A atual Lei de Licitações – 8.666 – sofreu evoluções e aperfeiçoamentos desde a sua publicação, em 1993, mas carrega consigo o espírito da época quando a tecnologia da informação não era tão relevante para a desmaterialização dos processos quanto é hoje. A Lei 8.666 precisa ser modernizada porque foi elaborada em 1993 quando todos os processos eram baseados em papel.

Hoje, a participação em licitações convencionais, como tomada de preço e concorrência, exigem dos fornecedores a apresentação de diversos envelopes com documentos e propostas que atualmente podem muito bem ser recebidos de forma eletrônica. Essa situação remete a um conceito de burocracia baseada em papel na qual os processos são lentos e dificultam o controle social.
 
É necessário intensificar o uso das tecnologias da informação nas compras públicas do Brasil a exemplo da experiência realizada com o pregão eletrônico que representa uma grande evolução para o Governo Federal porque traz consideráveis ganhos de economia, transparência, competitividade e controle nas licitações.

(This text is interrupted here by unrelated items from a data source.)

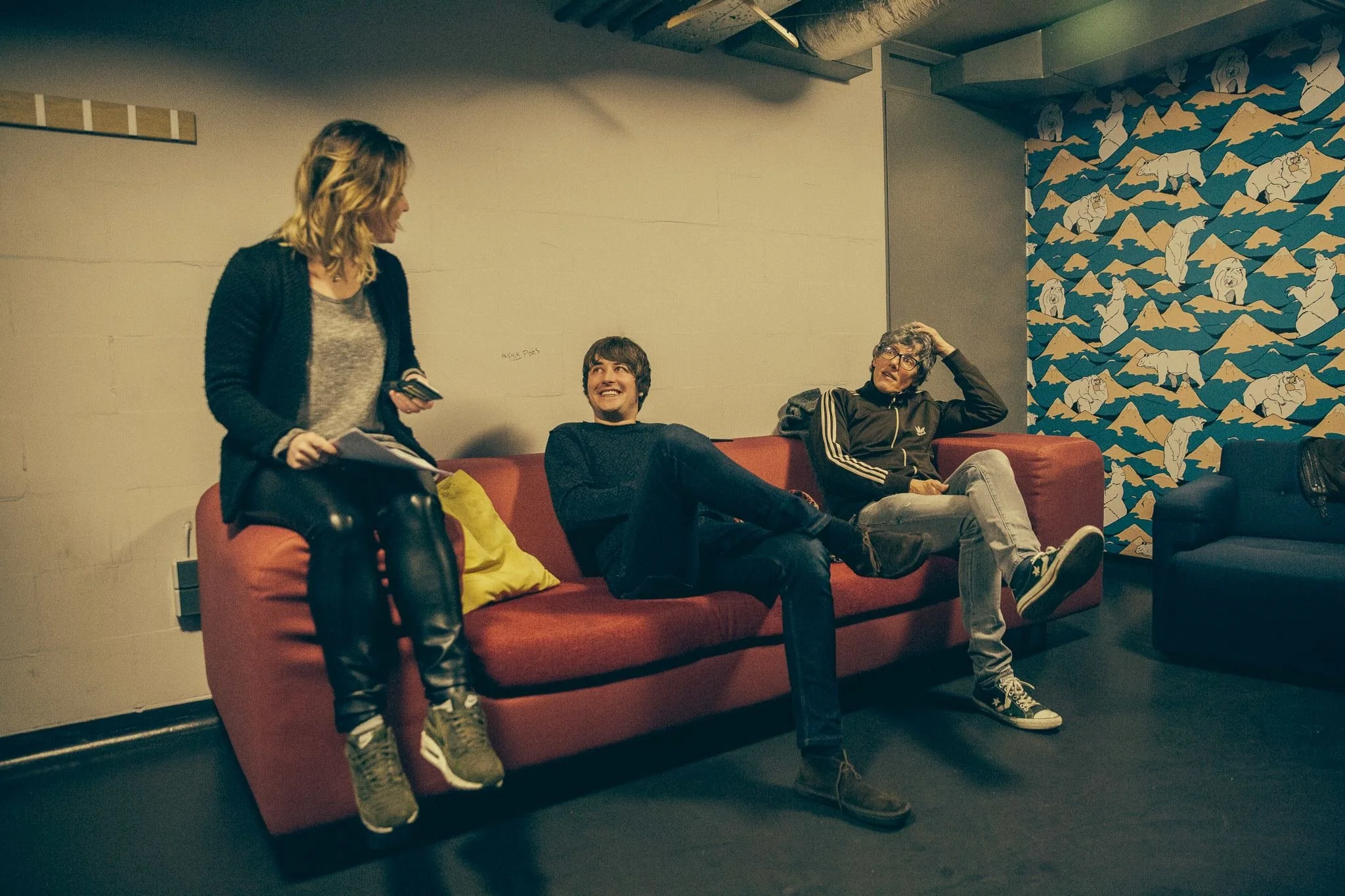 Anne: “Het eerste wat mij te binnen schiet bij Dave (zanger, gitarist) is dat hij volgens mij een gewone gitaar op z’n kop houdt en met de snaren dus ook omgekeerd, speelt. Dat is echt bizar. Hij is links, maar hij heeft een rechtshandige gitaar gepakt en gewoon omgedraaid, dus zijn hoge E zit volgens mij boven en zijn lage E zit onder. Misschien kunnen jullie hem vragen of dat klopt? En waarom hij dat op deze manier doet?”
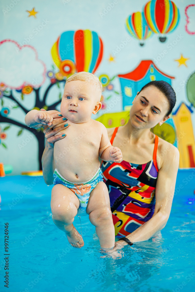 A baby boy in the pool learns to swim with a coach. Swimming pool for teaching children to swim
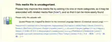 This warning provides no direct way to add a category. The user needs to follow the "how?" link, read a long guide to learn how to solve the issue with little support from the system.
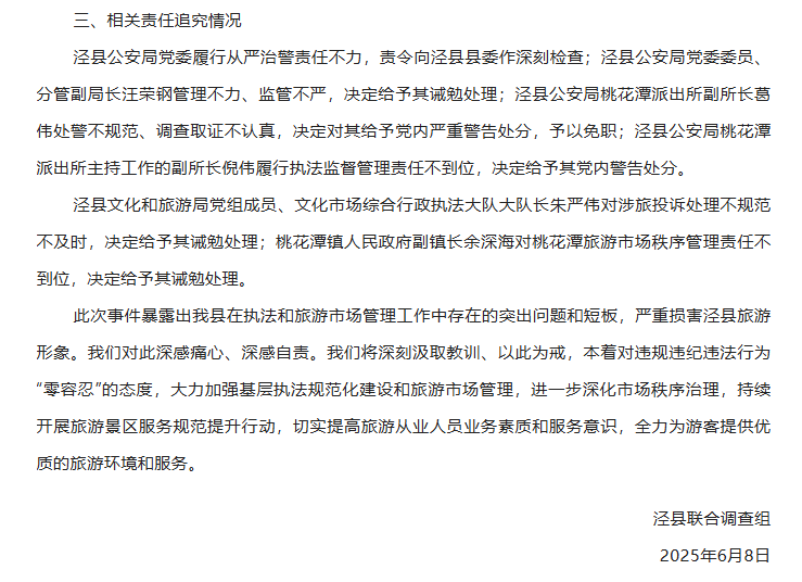 6月7日0時許,涇縣文化和旅游局發(fā)布情況通報稱,已成立工作專班進行全面調(diào)查,向游客蔡某及其家人致歉。但輿論怒火并未完全平息,不少網(wǎng)民表示不能僅讓文旅部門“背鍋”,當(dāng)?shù)毓矙C關(guān)應(yīng)深入調(diào)查、嚴肅問責(zé)。據(jù)微信公眾號“涇縣人民政府發(fā)布”7日晚消息,涇縣召開全縣旅游市場秩序整治工作會議,會議要求“聚焦短板弱項,抓好旅游市場秩序整治”等。

Ciente da sua eficiência, o Governo Federal Brasileiro concentrou esforços na sua disseminação e na consolidação e hoje já é a modalidade mais utilizada pelos órgãos públicos federais. A participação do pregão eletrônico foi R$ 2,6 bilhões no período de janeiro a julho de 2006, valor que representa 47,3% dos R$ 5,6 bilhões de bens e serviços adquiridos no período. Desempenho que teve uma evolução significativa em relação aos primeiros sete meses de 2003 quando representou 3,6% das compras aplicáveis a esta modalidade. Percentual que foi de 5% em 2004 e de 4,3% em 2005.